This tutorial shows how you, without having to write any code, can move raw, messy data into MarkLogic and convert it to a much better form that conforms to a UML model. Our approach can best be described as model-driven declarative mapping. There's no coding; developers aren't needed. Rather, the brunt of the work is done by the two roles you would expect:
- A data architect, who creates the data model in a third-party UML tool (in our case, Papyrus).
- A source-data subject-matter expert (SME), who uses the Declarative Mapper IDE tool to define the source-to-target mapping.
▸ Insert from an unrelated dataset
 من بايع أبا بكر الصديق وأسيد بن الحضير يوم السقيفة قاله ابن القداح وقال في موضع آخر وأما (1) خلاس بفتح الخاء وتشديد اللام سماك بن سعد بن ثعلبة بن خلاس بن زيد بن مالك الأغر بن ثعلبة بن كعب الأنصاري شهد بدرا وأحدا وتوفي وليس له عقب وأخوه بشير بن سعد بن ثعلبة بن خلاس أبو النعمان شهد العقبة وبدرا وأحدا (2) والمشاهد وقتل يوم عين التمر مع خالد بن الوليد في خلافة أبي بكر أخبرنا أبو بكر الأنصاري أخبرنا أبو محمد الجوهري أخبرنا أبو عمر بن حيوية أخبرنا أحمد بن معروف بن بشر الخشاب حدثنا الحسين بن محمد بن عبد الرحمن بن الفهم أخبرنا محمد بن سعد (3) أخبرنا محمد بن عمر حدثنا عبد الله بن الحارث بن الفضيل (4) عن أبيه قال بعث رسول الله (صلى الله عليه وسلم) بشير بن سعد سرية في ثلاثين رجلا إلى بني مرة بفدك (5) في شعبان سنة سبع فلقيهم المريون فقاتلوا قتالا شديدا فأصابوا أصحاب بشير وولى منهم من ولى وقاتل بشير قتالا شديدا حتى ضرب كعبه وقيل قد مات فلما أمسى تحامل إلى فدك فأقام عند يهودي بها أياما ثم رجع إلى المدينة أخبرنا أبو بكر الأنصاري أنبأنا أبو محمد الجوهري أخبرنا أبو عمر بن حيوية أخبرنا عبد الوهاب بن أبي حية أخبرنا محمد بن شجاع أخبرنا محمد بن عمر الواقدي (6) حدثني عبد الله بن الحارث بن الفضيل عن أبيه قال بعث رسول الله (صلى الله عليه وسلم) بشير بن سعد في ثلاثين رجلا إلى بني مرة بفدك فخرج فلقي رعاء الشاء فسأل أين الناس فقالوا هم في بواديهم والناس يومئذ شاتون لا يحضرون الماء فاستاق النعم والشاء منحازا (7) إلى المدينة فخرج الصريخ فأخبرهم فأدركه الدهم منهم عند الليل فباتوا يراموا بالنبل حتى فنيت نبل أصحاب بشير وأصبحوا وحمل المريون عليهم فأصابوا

This SME is an expert in the messy source data and works closely with the data architect to understand the UML-defined target data format.
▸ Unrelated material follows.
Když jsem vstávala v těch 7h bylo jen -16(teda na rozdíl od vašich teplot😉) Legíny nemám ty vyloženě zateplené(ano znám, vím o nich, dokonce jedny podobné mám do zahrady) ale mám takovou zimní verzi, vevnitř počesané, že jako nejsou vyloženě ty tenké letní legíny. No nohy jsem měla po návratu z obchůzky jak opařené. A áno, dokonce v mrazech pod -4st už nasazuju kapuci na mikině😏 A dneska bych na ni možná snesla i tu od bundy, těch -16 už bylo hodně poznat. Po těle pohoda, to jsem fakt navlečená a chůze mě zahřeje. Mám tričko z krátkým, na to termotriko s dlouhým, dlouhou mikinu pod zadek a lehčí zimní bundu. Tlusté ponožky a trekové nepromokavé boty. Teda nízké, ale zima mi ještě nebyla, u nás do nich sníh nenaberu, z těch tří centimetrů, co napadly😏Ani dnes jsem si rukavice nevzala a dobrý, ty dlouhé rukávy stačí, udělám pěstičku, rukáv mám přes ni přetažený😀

The data architect and source-data SME are helped by a build person, who creates a gradle-based MarkLogic data hub environment that incorporates the UML and mapping tools.
The diagram below outlines the steps of the zero-code effort.
A) The data architect in Papyrus creates the UML data model.
B) The data architect, using the build environment created by the build person, uses UML2ES to convert the UML model to MarkLogic's Entity Services (ES) form.
C) The source-data SME works within the Declarative Mapper IDE tool to map source data to the model form (UML, ES) of the data.
D) The source-data SME works with the build person to incorporate the source data SME's declarative mapping into a data hub harmonization process. When this harmonization process is run, the raw source data is converted to the model's form using the declarative mapping.
There's no coding in this process... not even in step D! All the work is done by data experts and tools! To see why, try out this tutorial! You will play each of the roles through all the above steps.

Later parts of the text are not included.